XHGV-FM
- Querétaro, Querétaro; Mexico;
- Broadcast area: Querétaro, Querétaro
- Frequency: 106.5 FM
- Branding: Mix

Programming
- Format: Adult hits

Ownership
- Owner: Grupo ACIR; (Radio XHGV, S. de R.L. de C.V.);

History
- First air date: July 14, 1977 (concession)

Technical information
- Class: AA
- ERP: 1.5 kW
- HAAT: 79.65 m
- Transmitter coordinates: 20°36′20.8″N 100°22′08.5″W﻿ / ﻿20.605778°N 100.369028°W

Links
- Website: 106.5 Mix Website

= XHGV-FM =

Radio station in Querétaro

XHGV-FM is a radio station on 106.5 FM in Querétaro, Querétaro, Mexico.
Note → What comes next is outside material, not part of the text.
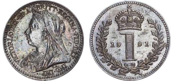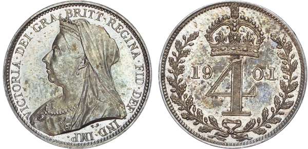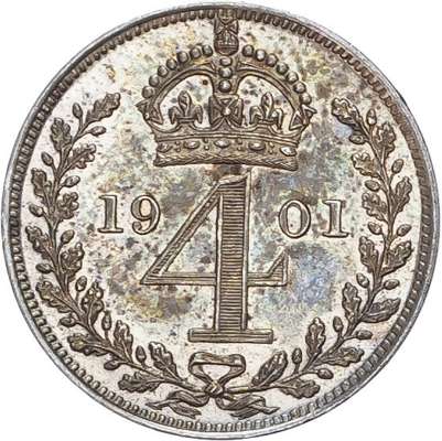 Victoria (1837-1901), Maundy Set, 1901, Fourpence, Threepence, Twopence, Penny.

The station is owned by Grupo ACIR and carries an adult hits format known as 106.5 Mix.

==History==
XHGV began as XEGV-AM 1120, awarded to Juana María Infante Dardon on July 14, 1977. It was initially based in the town of El Pueblito in Villa Corregidora Municipality and broadcast as a 500-watt daytimer.

In 1994, the station was sold to Radio XEGV de Querétaro, S.A. By this time the station had upgraded to 1,000 watts day and 500 watts night. In 2000, the concession was brought under the fold of Radio Integral, the concessionaire for Grupo ACIR.

In October 2011, XEGV received approval to migrate to FM on 106.5 MHz. At some point after, the Mix format moved from XHQTO-FM 97.9 to this station.